In the real world, these are called tradeoffs. Hard choices. Balancing competing interests. Gray areas. But, predictably, these are alien concepts for the black-and-white crowd.  

 “It contains elements that are very distasteful to both the hard right and the hard left of the political spectrum,” writes Weintraub, who wonders if voters in the middle (that’s us) will “split the difference between the extremes and chart a centrist path for their troubled state.” 

Let’s hope so. The Blue Dog thinks this is a no-brainer for moderates of both parties. On one hand, we have the lunatics on the right who see taxes everywhere — just like M. Night Shyamalan sees dead people. On the other, we have the liberal maniacs who think of government as a giant ATM that is morally obligated to generate taxpayer dollars as responsibly as the OctoMom spits out babies. 

This odd pair of special interests claim nothing is going on between the two. No hanky panky.

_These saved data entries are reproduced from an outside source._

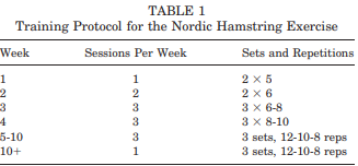 A 2011 study analysed the effects the nordic hamstring exercise had on lowering the incidence of hamstring injuries in soccer (2). The study took amateur, semi-professional and professional players from the top 5 Danish football leagues and after applying their methodology, resulted in a total of 461 players in the intervention group and 481 in the control group (2). The intervention group completed NHE as per table 1.
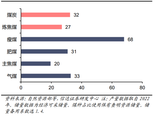 主焦煤、肥煤高度匹配钢铁工业高质量发展需要,但在我国的煤种占比中结构性稀缺。在钢铁工业高质量发展中,高炉大型化是重要趋势。大型高炉对焦炭反应强度(CSR)的要求更高,一般来说,提高CSR需要增加炼焦配煤中主焦煤和肥煤的配比。随着高炉大型化的持续推进,对于主焦煤、肥煤等结构性煤种的需求有望持续提升(详见信达能源《我国炼焦煤需求总量与结构深度研究》)。反观我国炼焦煤资源特性,主焦煤保有储量517.6亿吨,占比17.5%,2022年产量为3亿吨,占比23%,均远远低于41.79%的平均配比。肥煤保有储量239.6亿吨,占比8.1%,2022年产量为0.9亿吨,占比7%,同样远远低于17.08%的平均配比。未来随着钢铁工业高质量发展,主焦煤、肥煤结构性稀缺的局面或将进一步加重。
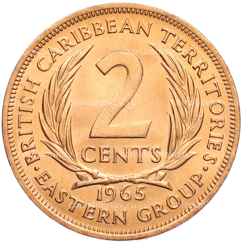 Монета 2 цента 1965 года Британские Восточные Карибы
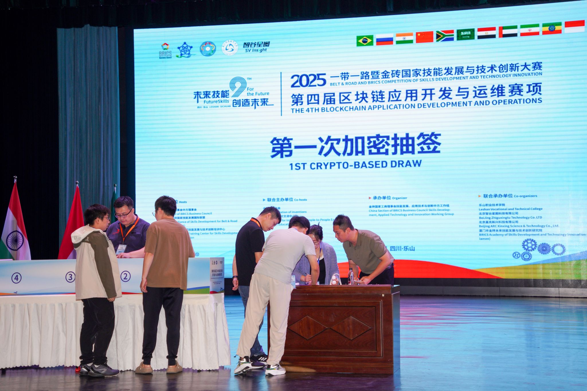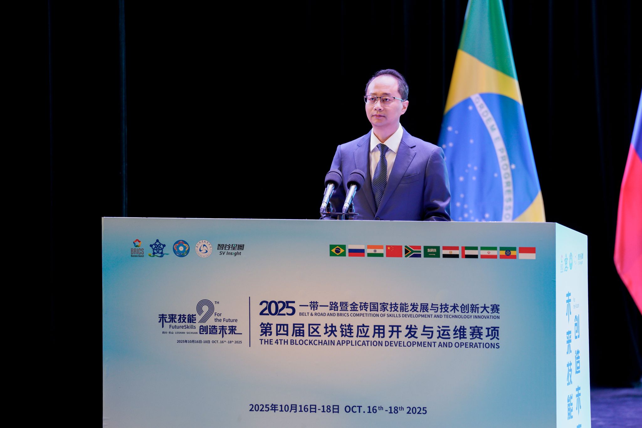 10月16日,2025“一带一路”暨金砖国家技能发展与技术创新大赛之第四届区块链应用开发与运维赛项开幕式在伟德国际victor1946礼堂举行。
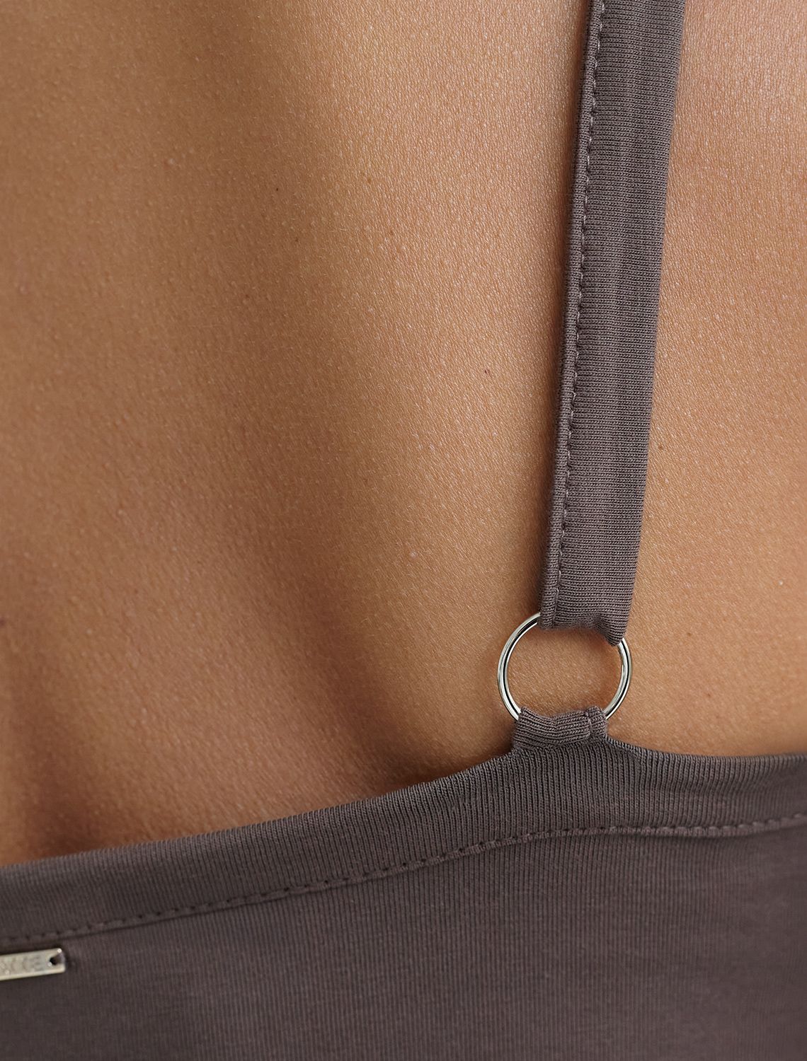 Стильный и базовый топ темно-кофейного цвета полуприлегающего кроя идеально подходит для девушек и женщин всех возрастов. Двуслойная зона бра. Линия декольте образована посредством сгиба полотна без отсрочки и закреплением обоих слоев в шве проймы. Удобные регулируемые бретели. Прямой силуэт подходит любому типу фигуры. Квадратный вырез горловины - тренд этого сезона. Он выполнен из качественной дышащей ткани, что обеспечивает комфорт в жаркую погоду. Однотонный дизайн позволяет легко сочетать его с различными предметами гардероба, создавая элегантный повседневный образ.

They’re just staying on their respective sides of the bed, spineless backs toward one another, heads gently resting on their ideological pillows. The Blue Dog suspects something a bit more unseemly – a little political dry humping perhaps, making the beast with two backs at worst. This bedroom needs some air freshener and even more sunlight from the capitol press corps. 

Do the polar opposites really believe the rest of us wouldn’t notice how bizarre this relationship is and what it suggests to moderate Californians who want solutions and reform, even if imperfect and difficult as they may be?

Meg Whitman’s op-ed yesterday against Prop. 1A was disappointing in this regard; instead of staking out the middle ground, she used the issue to pander to the anti-tax zealots in advance of her 2010 gubernatorial run. (Whitman, it should be noted, is a distant third in a CalBlueDog poll behind Dianne Feinstein and Tom Campbell as the best moderate candidate for California). Hey, Meg, did you realize the California Chamber of Commerce supports Prop. 1A?

While the Blue Dog is still checking out the fine print, if the extremists on both sides of the political divide loathe Prop 1A, there’s a 99 percent likelihood the measure is a sure-fire measure voters should pass. If you’re sick in bed  (no matter who you are sleeping with), do you really expect the doctor’s medicine to taste like honey?